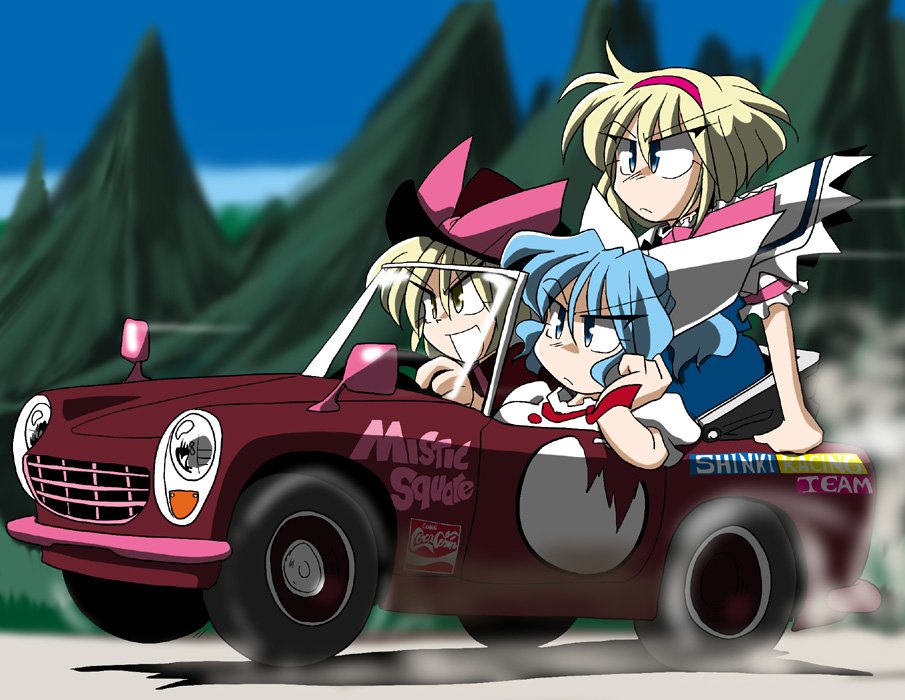 3girls alice_margatroid blonde_hair blue_dress blue_hair blue_sky blurry blurry_background bow capelet car coca-cola commentary_request convertible dress driving dust_cloud frown hair_bow hand_on_own_chin kieyza mai_(touhou) motor_vehicle multiple_girls mystic_square neckerchief open_mouth pine_tree pink_bow pink_neckerchief red_car shirt short_hair sky smile touhou touhou_(pc-98) tree white_bow white_capelet white_shirt yellow_eyes yuki_(touhou)
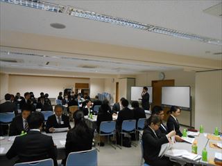 研修では、名刺交換やビジネス文書といったビジネスマナーの基本をグループワークを通じながら学びました。その他、メンタル対策等についても理解を深めました。受講者からは「基礎をしっかりと学ぶことができた」、「実践の場でいかしていきたい」など、大変好評を得ました。
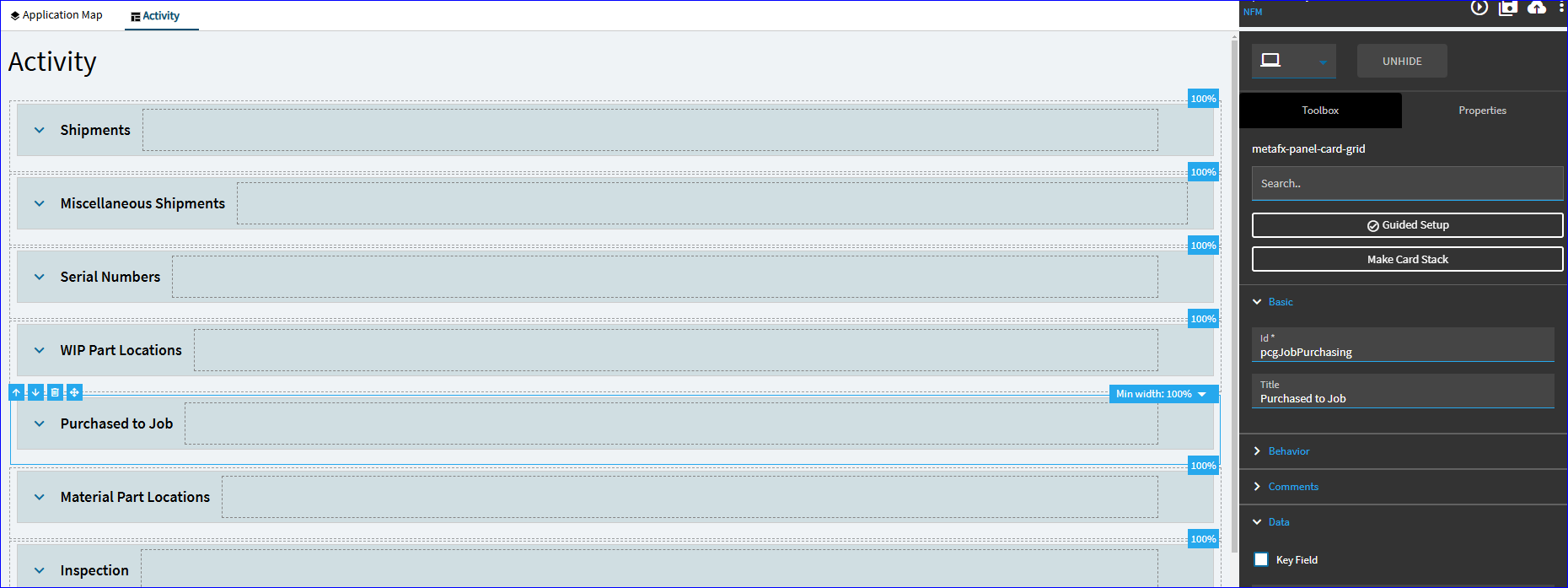 I added a Panel Card Grid to the middle titled “Purchased to Job”.
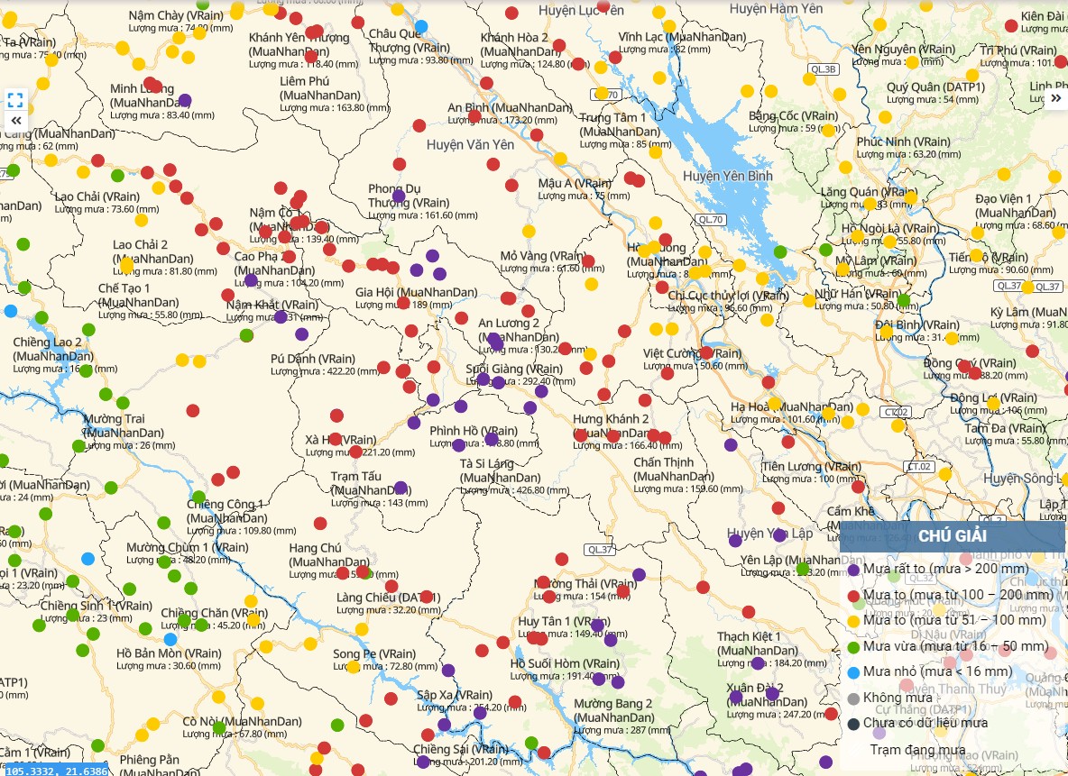 Trong 24 giờ qua, do ảnh hưởng mưa bão số 3 tại Yên Bái đã có mưa rất to, tổng lượng mưa đo được phổ biến từ 100-250mm, đặc biệt có nơi trên 400mm (huyện Trạm Tấu, huyện Văn Chấn).

# # #

Starting at the line containing "研修では、名刺交換やビジネス" and finishing at the line containing "I added a Panel", return those lines exactly as they appear above, without the pictures.

PROBLEM SOLUTION.
 研修では、名刺交換やビジネス文書といったビジネスマナーの基本をグループワークを通じながら学びました。その他、メンタル対策等についても理解を深めました。受講者からは「基礎をしっかりと学ぶことができた」、「実践の場でいかしていきたい」など、大変好評を得ました。
 I added a Panel Card Grid to the middle titled “Purchased to Job”.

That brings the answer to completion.